Just to reiterate -- the maximum transfer rate of a 40x cd-rom is 6 MB/s. The maximum sustained transfer rate of a hard drive lies anywhere between 5 and 20MB/s for a modern drive. The PCI bus (upon which the ide controller lies), is capable of 133MB/s peak, assuming a 33mhz PCI bus speed. It's not physically possible to underclock your PCI bus enough to make it become even close to a bottleneck to the ide transfers in this scenario. Nor is it possible to make the memory or FSB speed become the bottleneck - they are 100% ignorable for our purposes here.

As I said before, a Pentium 100 (with a 66mhz FSB, versus the 400mhz of the P4) is fully capable of copying files from the cd at the exact same rate (fast enough to saturate the cd reader and the hard drive) as the P4. Physical media is so much slower than the supporting hardware that it renders it nearly irrelevant. The only thing that could cause his problems here are a software configuration error (such as a virus scanner in the background), or a hardware configuration error related to the ide bus (such as pio instead of DMA mode, or having the hd and cd-rom share a channel, having block/burst mode disabled, etc.)

I you have one car driving down Interstate 5, and decide to close 3 of the five lanes, you've "technically" created a bottleneck, very similarly to your FSB/memory speed argument. The car isn't going to go any slower however, becuase it was using so little of the available resources already that taking half of them away makes no difference. Same concept applies here. If you had a dual-channel caching scsi raid controller on the PCI bus, with 8 drives hooked up to it, we might be looking at a difference, but not in this case.
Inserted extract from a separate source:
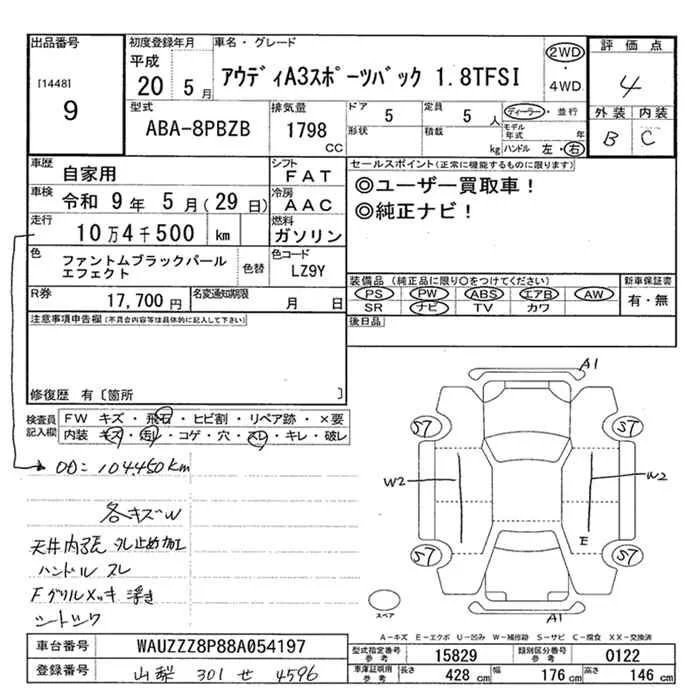Audi A3 с аукциона Японии JU Yamanashi лот № 9

The SCSI versus IDE debate is moot as well in this scenario, as long as the hard drive and cd-rom were mounted on separate channels. We're talking about 6MB/s transfer here, which is easily sustainable by any modern incarnation of the ide standard.
 
Disabled Account
Joined 2002
Doei is the sound dutch cows make, Frank !

MacOS X is based on FreeBSD for PowerPC ( called Darwin at Apple ) with a shell on it that's called Aqua. There is a fair bit of NextStep in it too. It is a very well thought-out OS. Take for example the screenoutput in PDF format ! Stepless zooming in or out the icon of the harddisk really shows you a picture of a harddisk ! Regardless of the fact that we might not really need this it technically is impressive. IMO the looks are a bit overdone. But I will buy it the day that it is available for X86 ( and that day will come ! ) :lickface:

I could be wrong about this but it sure reaks as if Mac wants to grab the attention of the Linux crowd with this marketing trick.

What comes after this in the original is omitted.